Dr. Nazli Okumus: Hello everyone. My name is Nazli Okumus. I’m a second-year general cardiology fellow at Allegheny Health Network in Pittsburgh, and a CardioNerds FIT Ambassador.

Dr. Saahil Jumkhawala: Good morning everyone. My name is Saahil Jumkhawala, and I am a third-year internal medicine resident at the Rutgers New Jersey Medical School Program. And I am a CardioNerds Academy fellow. Happy to be with you all today.

Dr. Nazli Okumus: This interview is part of a CardioNerds SCAI SHOCK 2022 collaboration with mentorship from Dr. Alex Truesdell. Today, we have the pleasure of discussing DanGer Shock Trial with Jacob Moller who is a professor at the University of Southern Denmark in acute heart failure. Dr. Moller is also a senior consultant at the Cardiac Intensive Care Unit at Copenhagen University Hospital Rigshospitalet. I hope I’m pronouncing it right. Dr. Moller, please correct me if I’m wrong. He participated in several national and international research groups and is the principal investigator of the DanGer Shock Trial, which is designed to compare left ventricular mechanical circulatory support with Impella CP to conventional guideline driven treatment in acute MI cardiogenic shock.

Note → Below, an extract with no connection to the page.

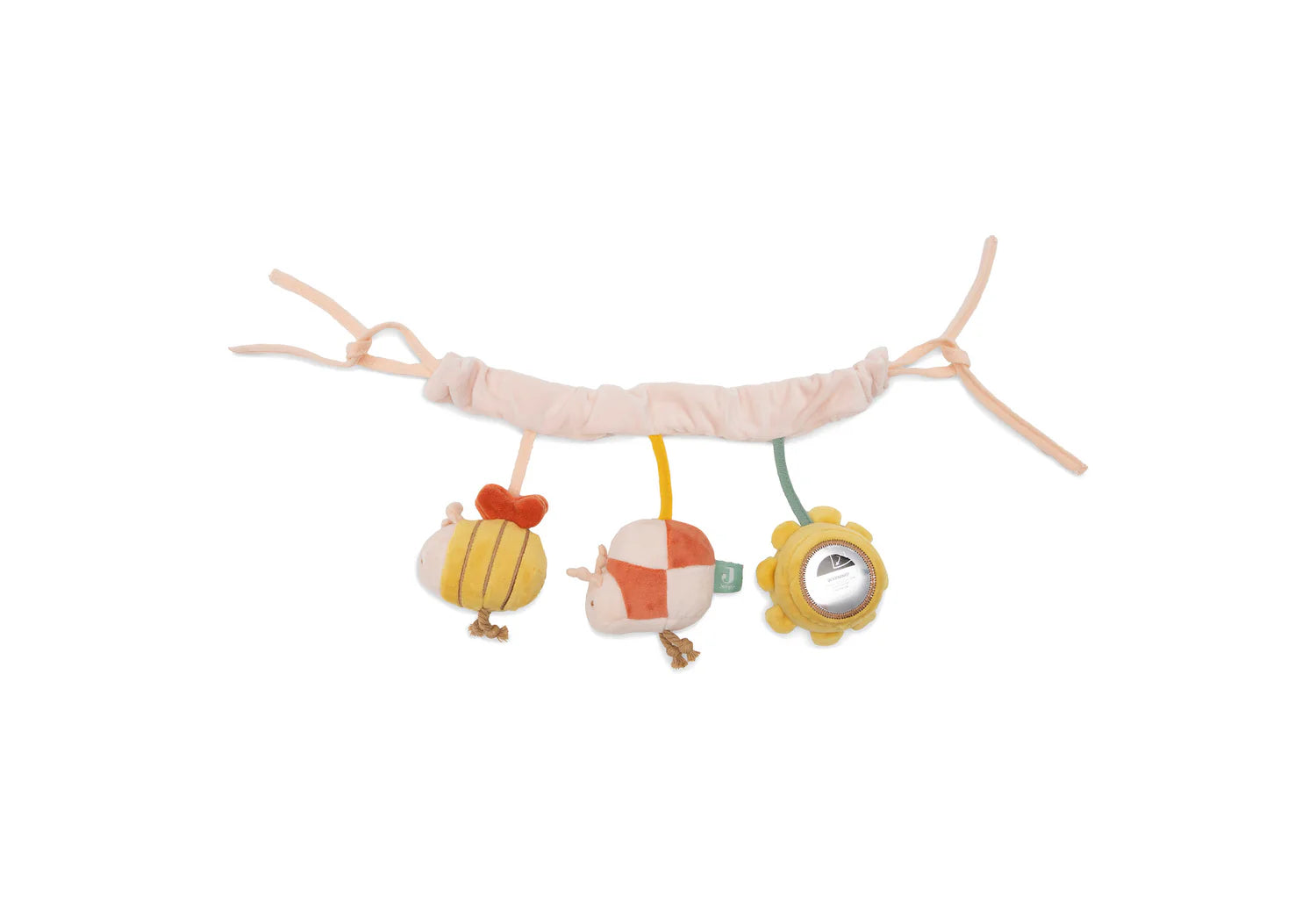 Het zonnetje bevat een spiegeltje waarin je kleintje zichzelf kan ontdekken, het bijtje maakt een leuk knisperend geluid en het lieveheersbeestje heeft een zacht belletje binnenin. Samen stimuleren ze de zintuigen en nodigen ze uit om te grijpen, kijken en luisteren.

Dr. Nazli Okumus: Dr. Moller, thank you so much for being here with us today to speak about the very important Danish Cariogenic Shock Trial or DanGer Shock. What do you hope that this study will help illustrate regarding choice of treatments for cariogenic shock in the acute intensive care setting?

Dr. Jacob Eifer Moller: Well, thank you for having me and giving me this opportunity. You say Rigshospitalet very nicely. So, for DanGer Shock, I think that is a piece in the puzzle on how to treat cardiogenic shock. At the moment, it’s mostly empirical work we do, we know revascularization works. We don’t know much else can improve outcome. Mechanical circulatory support makes extremely good sense in these cases where the heart can’t do the job, you put the motor in that does the job and that must be beneficial. But these motors come at a cost both for the heart and for the body. So, we need to test whether this works. And I think DanGer Shock is a first step in that direction that will test whether a routine use of this device is beneficial for these patients. But it’s only one step. It won’t be the complete answer.

Dr. Saahil Jumkhawala: Absolutely. Well, thank you, Dr. Moller. We know that there are also many factors that inform the choice of specific circulatory support employed in each case. Given that the placebo comparator is that of conventional circulatory support, how do you believe that operator or cultural variability among the different sites may impact the results, especially with increasing background use of the Impella family of devices as standard therapy in some practices?

Dr. Jacob Eifer Moller: I think that’s the tough and very, very good question. Firstly, I think the thought of introducing drug for heart failure without testing it, nobody would use the drug. So, we have to test these devices in randomized trials. For the comparator, that’s difficult because some places think you do harm if you place an Impella. Some places think you do harm if you put an ECMO into a patient. And that is why these studies are so important.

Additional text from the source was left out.